### ASSIGNMENT
Retype the data that follows exactly. No pictures belong in the copy.

----- INPUT DATA -----

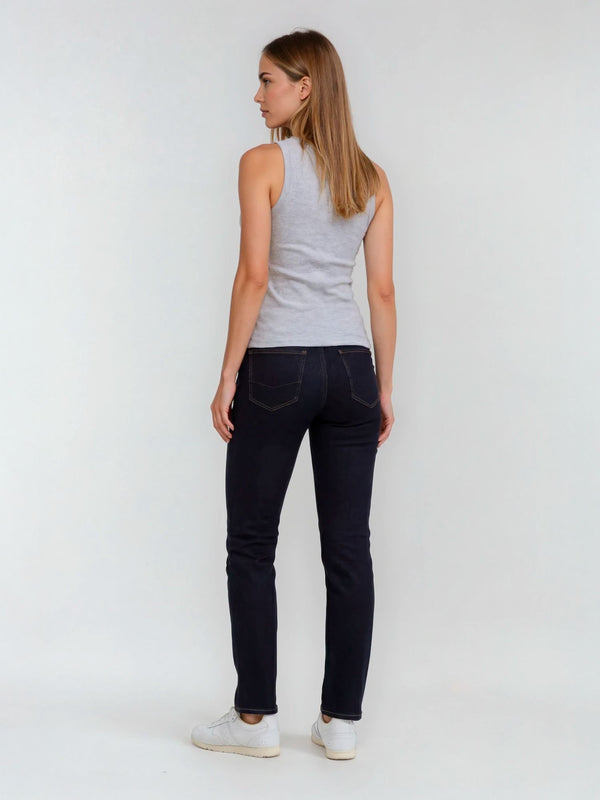 Die dunkle Rinsed-Waschung sorgt für einen sauberen, gepflegten Look und verleiht der Jeans eine edle Tiefe. Diese Farbgebung lässt sich mühelos kombinieren, ob klassisch mit weißer Bluse und Pumps oder lässig mit Sneakern und Strickpullover. Durch ihren minimalistischen Stil ist die Rose Jeans ein echtes Kombinationstalent und ein Must-have für jede Garderobe.
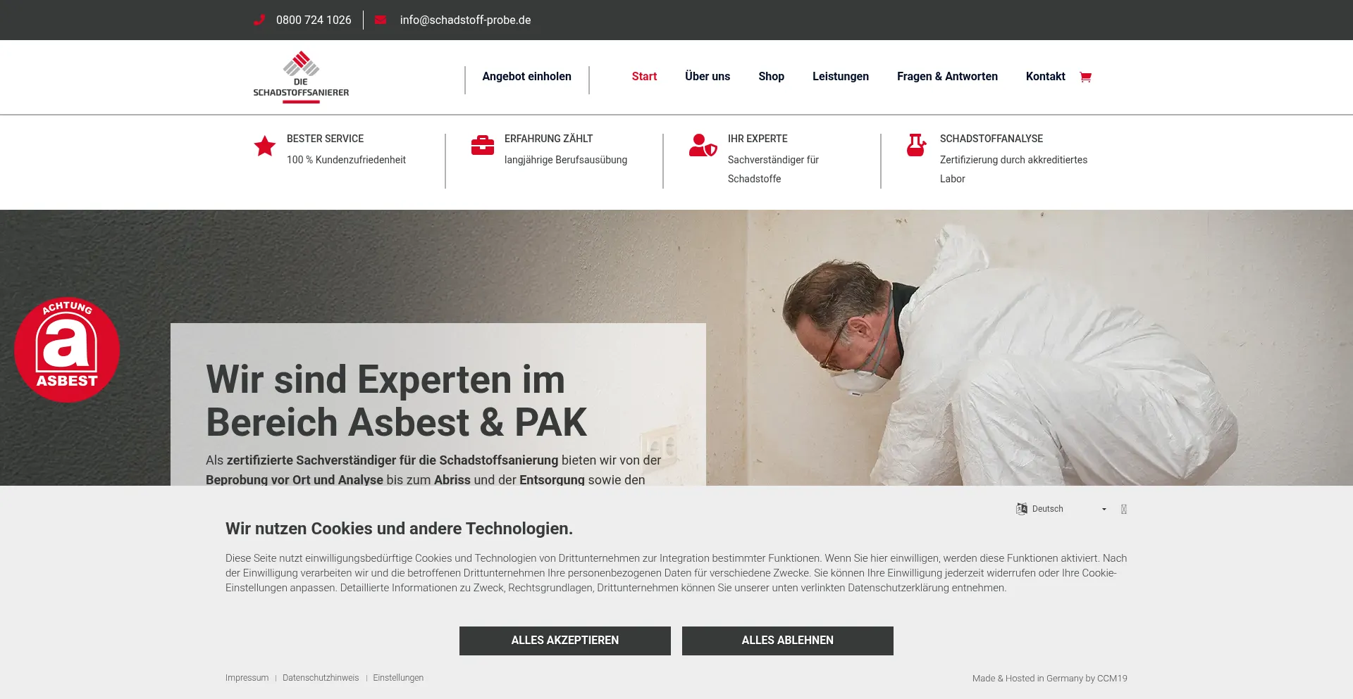 The schadstoff-probe.de website uses Google Tag Manager to add and update tracking tags on its website.
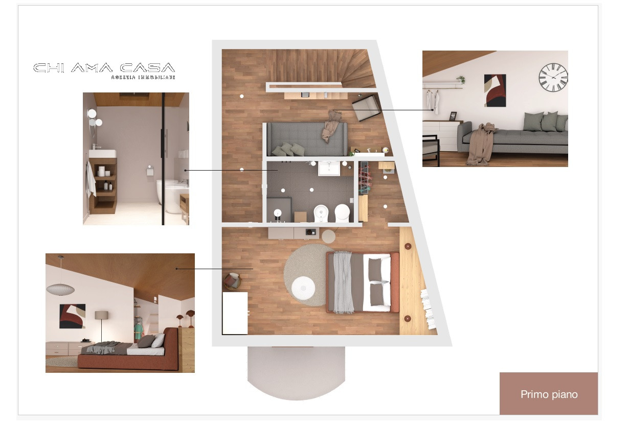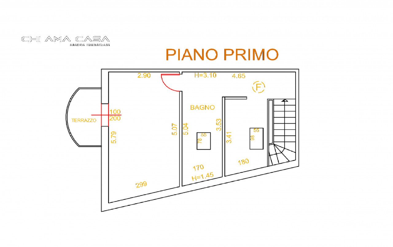 Primo Piano di circa 43 mq, composto da: camera matrimoniale, camera singola, balcone, bagno;

-----

### OUTPUT FOR THIS TASK
 Die dunkle Rinsed-Waschung sorgt für einen sauberen, gepflegten Look und verleiht der Jeans eine edle Tiefe. Diese Farbgebung lässt sich mühelos kombinieren, ob klassisch mit weißer Bluse und Pumps oder lässig mit Sneakern und Strickpullover. Durch ihren minimalistischen Stil ist die Rose Jeans ein echtes Kombinationstalent und ein Must-have für jede Garderobe.
 The schadstoff-probe.de website uses Google Tag Manager to add and update tracking tags on its website.
 Primo Piano di circa 43 mq, composto da: camera matrimoniale, camera singola, balcone, bagno;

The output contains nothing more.